Although these strings can be changed, they can also be left at the defaults noted here. Attackers can and will take the opportunity to leverage this mistake. An attacker can use the default passwords for changing or viewing information for a device or system. As an attacker you will attempt to use the service to enumerate the information from the device for later attacks.

The following can be extracted through SNMP:

• Network resources such as hosts, routers, and devices
• File shares
• ARP tables
• Routing tables
• Device-specific information
• Traffic statistics

Commonly used SNMP enumeration tools include SNMPUtil and SolarWinds’ IP Network Browser.

SNScan

SNScan is a utility designed to detect devices on a network enabled for SNMP. The utility helps you locate and identify devices that are vulnerable to SNMP attacks. SNScan scans specific ports (for example, UDP 161, 193, 391, and 1993) and looks for the use of standard (public and private) and user-defined SNMP community names. User-defined community names may be used to more effectively evaluate the presence of SNMP-enabled devices in complex networks.

finger

The finger command is designed to return information about a user on a given system. When executed it returns information such as the user’s home directory, login time, idle times, office location, and the last time they both received or read mail.

The command line for the finger command looks like this:

finger <switches> username

Switches that can be used with the finger command include the following:

• -b removes the home directory and shell from the user display.
• -f removes header information from the display.
• -w removes the full name from the display.
• -l returns the list of users.

rpcinfo

The rpcinfo command enumerates information exposed over the Remote Procedure Call (RPC) protocol.

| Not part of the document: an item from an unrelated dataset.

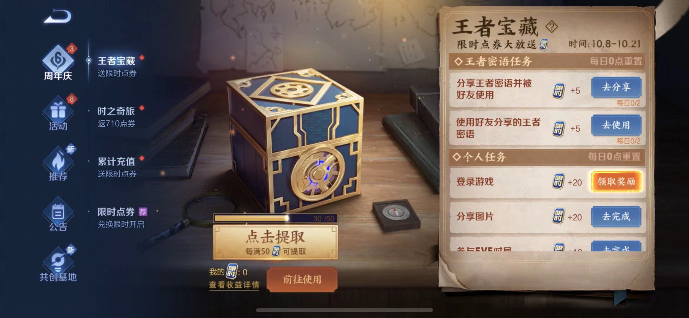 密語(yǔ)活動(dòng)的名字叫做王者寶藏,打開(kāi)游戲活動(dòng)頁(yè)面后即可找到。玩家們可以通過(guò)做各式各樣的任務(wù),從而獲取限時(shí)點(diǎn)券,當(dāng)限時(shí)點(diǎn)券達(dá)到50點(diǎn)以上的時(shí)候即可提取。提取之后便可以在制定的限時(shí)點(diǎn)券商店里面,兌換自己想要的皮膚或者英雄,最高可獲得一千點(diǎn)點(diǎn)券,不過(guò)的點(diǎn)券可以通過(guò)充值彌補(bǔ)。

The command line for rpcinfo looks like this:

rpcinfo <switches> hostname

Switches that can be used with rpcinfo include the following:

• -m displays a list of statistics for RPC on a given host.
• -s displays a list of registered RPC applications on a given host.

showmount

The showmount command lists and identifies the shared directories present on a given system. showmount displays a list of all clients that have remotely mounted a file system.

The command line for showmount looks like this:

/usr/sbin/showmount [- ade ] [hostname]

Switches that can be used with showmount include the following:

• -a prints all remote mounts.
• -d lists directories that have been remotely mounted by clients.
• -e prints the list of shared file systems.

Enum4linux

One tool worth looking at is enum4linux, which allows for the extraction of information through samba.

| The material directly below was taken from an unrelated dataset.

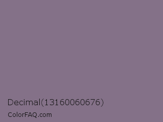 Decimal 13160060676 Color is a normal purple color and the nearest color is Mobster #7f7589. Hex code #847188 and RGB value is rgb(132,113,136). In RGB color space, this color is composed of 52% red, 44% green, 53% blue, In CMYK color space, this color is composed of 3% cyan, 17% magenta, 0% yellow , 47% black , In HSL color space, this color has a hue angle of 290° , 9% saturation and 49% lightness.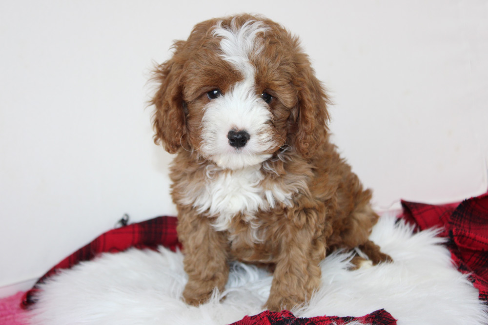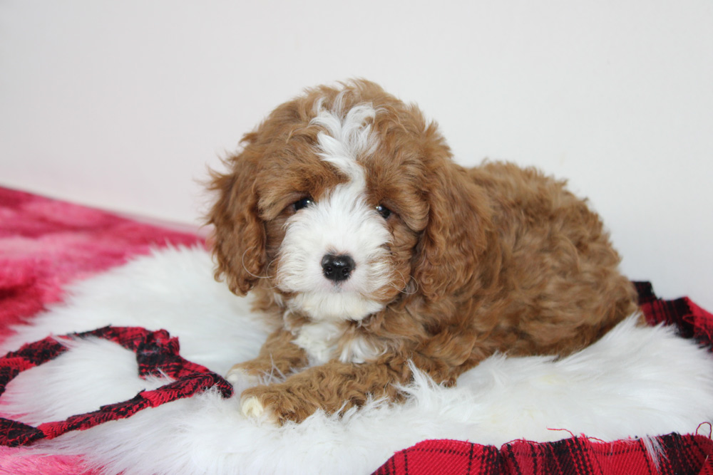 Driven by the excitement of play, Bosco is going to be the first one to dive in to connect with his toys before he ever thinks about making his rounds to say hello and connect with humans! This delightful boy is content keeping himself entertained but will randomly dive into other siblings’ drama if he feels like he’s missing out on something epic! Despite his happy nature and the need for feeling connection with others, Bosco can only handle so much snuggle time before he’s negotiating his way back to the floor to play! If you are ready to shower your puppy with play things and participate in his antics between quick snuggle sessions- Bosco is ready to share his passion for all things play!

So first, what is samba? Per samba.org, the software is described as:

...software that can be run on a platform other than Microsoft Windows, for example, UNIX, Linux, IBM System 390, OpenVMS, and other operating systems. Samba uses the TCP/IP protocol that is installed on the host server. When correctly configured, it allows that host to interact with a Microsoft Windows client or server as if it is a Windows file and print server.

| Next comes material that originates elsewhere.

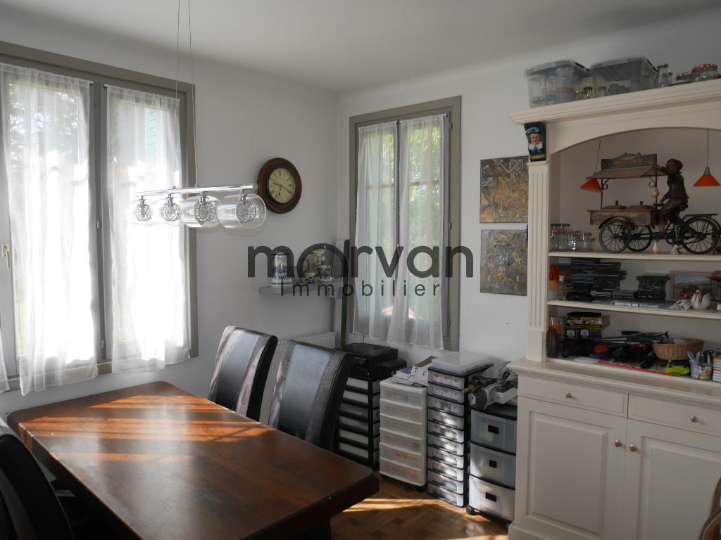 Salle à manger de 10m2 avec vue sur le jardin et côté rue, parquet en chêne massif au sol.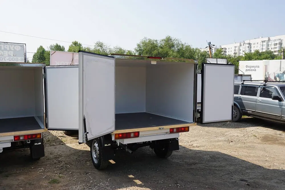 Описание для фургонаВнешняя обшивка – крашенная оцинкованная сталь, внутренняя обшивка - пищевая оцинкованная сталь, пол – рифлёный алюминий, портал - нержавеющая сталь. Двери - задние распашные. Запоры штанговые одинарные. Фургон выполнен под установку холодильного оборудования в Ульяновске.

Enum4linux allows for extraction of information where samba is in use. Information that can be returned includes the following:

• Group membership information
• Share information
• Workgroup or domain membership
• Remote operating system identification
• Password policy retrieval

Using VRFY

One easy way to verify the existence of e-mail accounts on a server is by using the telnet command to attach to the target and extract the information. The VRFY command is used within the protocol to check whether a specific user ID is present. However, this same command can be used by an attacker to locate valid accounts for attack, and if scripted, it could also be used to extract multiple accounts in a short time, as shown here:

telnet 10.0.0.1 25 (where 10.0.0.1 is the server IP and 25 is the port for SMTP)
220 server1 ESMTP Sendmail 8.9.3
HELO
501 HELO requires domain address
HELO x
 250 server1 Hello [10.0.0.72], pleased to meet you
 VRFY chell
 250 Super-User <link@server1>
 VRFY glados
 550 glados... User unknown

The previous code used VRFY to validate the user accounts for linking and zelda. The server responded with information that indicates chell is a valid user whereas a “User unknown” response for glados indicates the opposite.